The electric field is horizontal and has the values indicated on the surface of cylinder as shown in Figure 21.65. What can you deduce from this pattern of electric field? Include a numerical result.

Short answer

We can deduce from the above electric field distribution that cylinder contains the charge $-5.31\times {10}^{-9}\text{C}$ between surfaces of cylinder.

Step-by-step solution

Identification of given data

The length of cylinder is$l=15cm$

The radius of cylinder is $r=5cm$.

The magnitude of incoming electric field on the left side of cylinder is $E_1=1600N/C$.

The magnitude of incoming electric field on the left side of cylinder is $E_2=1000N/C$.

Conceptual Explanation

The Gauss law is applied for the cylinder to find the net charge inside the cylinder for incoming and outgoing electric field of cylinder. For this net flux for cylinder is equated to the charge inside surface divided by permittivity of free space.

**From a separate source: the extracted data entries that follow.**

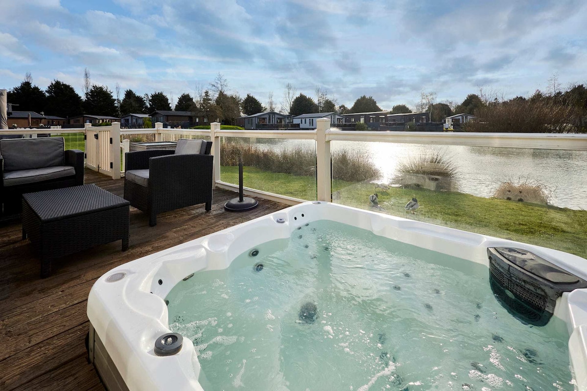 JJs Luxury Lodge situated at Allerthorpe 5 Star Country Park, York. Our Lodge is brand new top of the range and ideal for couples or families of 4 people. Fitted to your private patio is a super luxury high tech extra warm hot tub that is private and for your use. The lodge is fully equipped with TV, Sound System, Luxury Sofas, Fire Place and fully fitted Kitchen with all the equipment. The Master room also has En-Suite. JJs also owns the Bar & Restaurant Onsite. Guests are well looked after!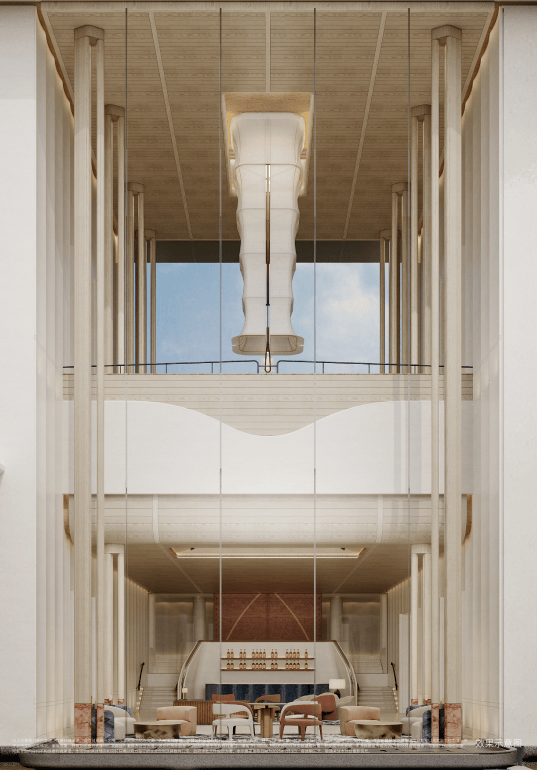 公区建筑片墙近人尺度内,运用大块切割打磨沙漠风高级米黄石材,雕琢高级沙砾感和肌理,整石旋转10cm递差叠砌,不计废料只为呈现卢浮宫金字塔式的微妙角度,檐口巧藏灯带,予以细腻温润的质感体验;浮光门庭以6毫米超薄铝板勾勒飞檐,营造飘逸轻盈的度假意境。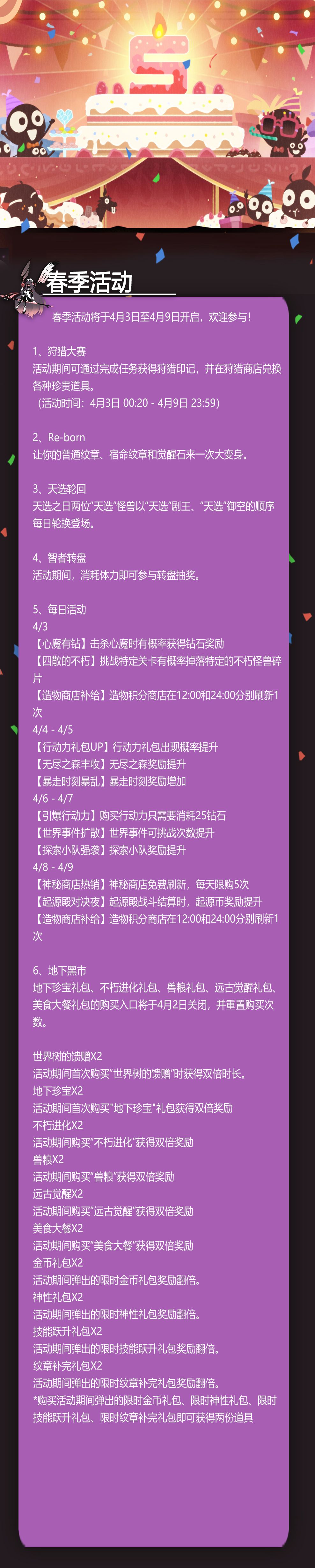 春季活动将于4月3日至4月9日开启,欢迎参与!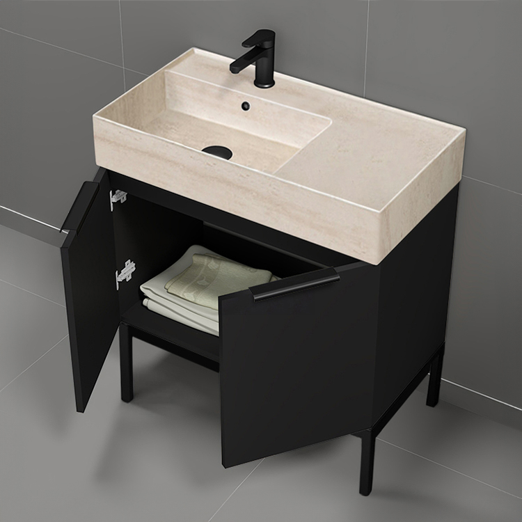 Product Name: | Modern Black Bathroom Vanity, 32", Travertine Style Sink, Free Standing |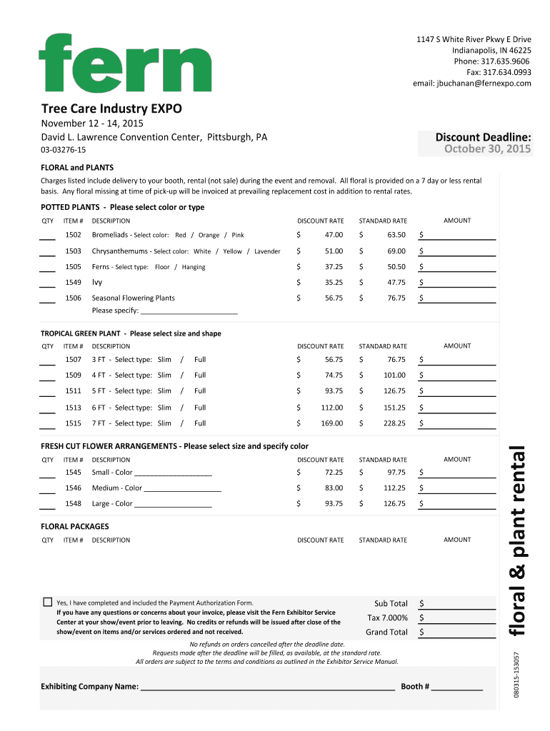 1147 S White River Pkwy E Drive Indianapolis, IN 46225 Phone: 317.635.9606 Fax: 317.634.0993 email: Buchanan fernexpo.com Tree Care Industry EXPO November 12 14, 2015 David L. Lawrence Convention

Determination of charge enclosed inside the cylinder

The surface area of the cylinder is given as:

$A=2\pi rl$

Substitute all the values in the above equation.

$$\begin{gathered} A=2\pi \left[\left(5\text{cm}\right)\left(\frac{1\text{m}}{100\text{cm}}\right)\right]\left[\left(15\text{cm}\right)\left(\frac{1\text{m}}{100\text{cm}}\right)\right] \\ A=0.0471{\text{m}}^2 \end{gathered}$$

Apply the Gauss’s law to find the amount of charge inside cylinder:

$\left(E_2-E_1\right)A=\frac{q}{{\epsilon }_0}$

Here, ${\epsilon }_0$ is the permittivity of box and its value is$8.854\times {10}^{-12}{\text{C}}^2/\text{N}·{\text{m}}^2$ .

Substitute all the values in the above equation.

$\begin{array}{rcl}\left(1000\text{N}/\text{C}-1600\text{N}/\text{C}\right)& =& \frac{q}{8.854\times {10}^{-12}{\text{C}}^2/\text{N}·{\text{m}}^2}\\ q& =& -5.31\times {10}^{-9}\text{C}\\ & & \end{array}$

Therefore, the amount of charge inside the cylinder is $-5.31\times {10}^{-9}\text{C}$.